# PVC Candles



## Evil Andrew (Nov 6, 2009)

PVC Candles my son and I made at the Colorado Haunters Make N Take


----------



## shar (Jun 19, 2010)

Nice work and all grouped together like that, looks great!!


----------



## hpropman (Jul 27, 2008)

nicely done candles! The different heights and widths really add visual interest.


----------



## RoxyBlue (Oct 6, 2008)

Very pretty!


----------



## susan from creepy hollow (Jun 17, 2007)

very nice!


----------



## Bone Dancer (Oct 7, 2005)

Nicely done.


----------



## IMU (Apr 8, 2009)

Very nicely done!


----------



## Erebus (Jul 28, 2009)

Nice.
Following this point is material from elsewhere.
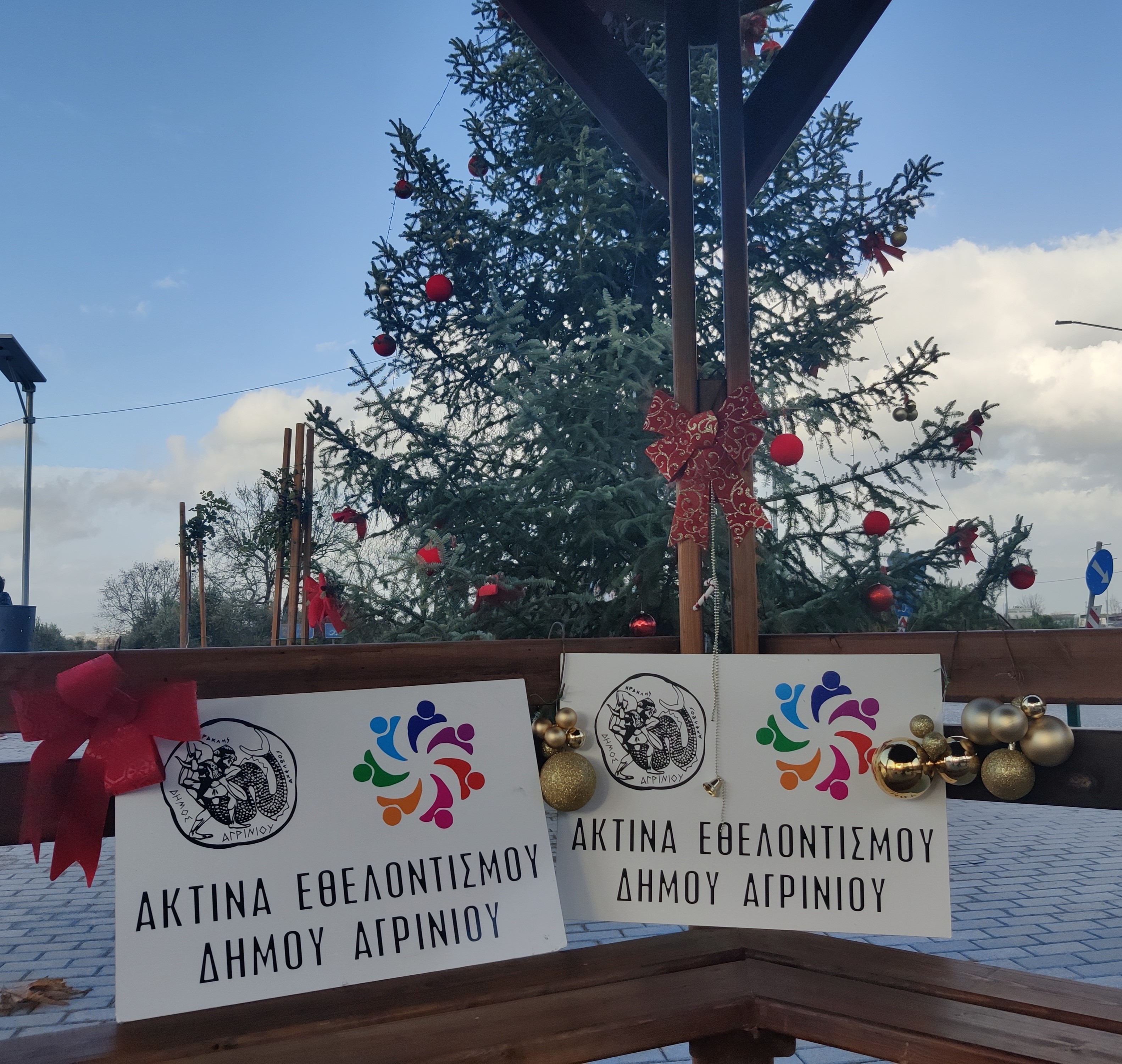 Στο πλαίσιο των εορταστικών δράσεων εθελοντές και μέλη της Ακτίνας Εθελοντισμού του Δήμου Αγρινίου στόλισαν το χριστουγεννιάτικο δένδρο που βρίσκεται στην είσοδο της Μακρυνείας, στη θέση Συκιά.

I just received my package from ebay over the weekend. I ended up buying 48 flamless flickering candles for $24. This year I won't have to worry about catching the grass on fire from real candles. Haha


----------



## Ryan Wern (Dec 3, 2009)

Looks great. I've been making tons of those this year. I used flickering tea lights for some, and the ones that I'm using for the main light sources are made using clear Christmas lights hooked up to FS-5 light starters.


----------



## PirateLady (Jul 23, 2010)

Looks great!!! nice job....


----------



## jdubbya (Nov 6, 2005)

Those look great!


----------



## scareme (Aug 29, 2006)

You've done a fantastic job. I need to start on some of those.


----------



## Vlad (Aug 2, 2005)

Yesssssss nice


----------



## samhayne (Jul 3, 2008)

awesome... i need to build a few for my pillar.

great work


----------



## fick209 (Aug 31, 2009)

Very nicely done, they look great!


----------



## pagan (Sep 9, 2009)

They look great. I started with fs-5 circuits, but I would blow fuses with so many.. The tea lights are a nice effect and very portable, no need to worry about cords.


----------



## Monk (Aug 26, 2008)

I made about a dozen last year and would like to make another 2 dozen or so this year if I can set aside the time.

clock is ticking


----------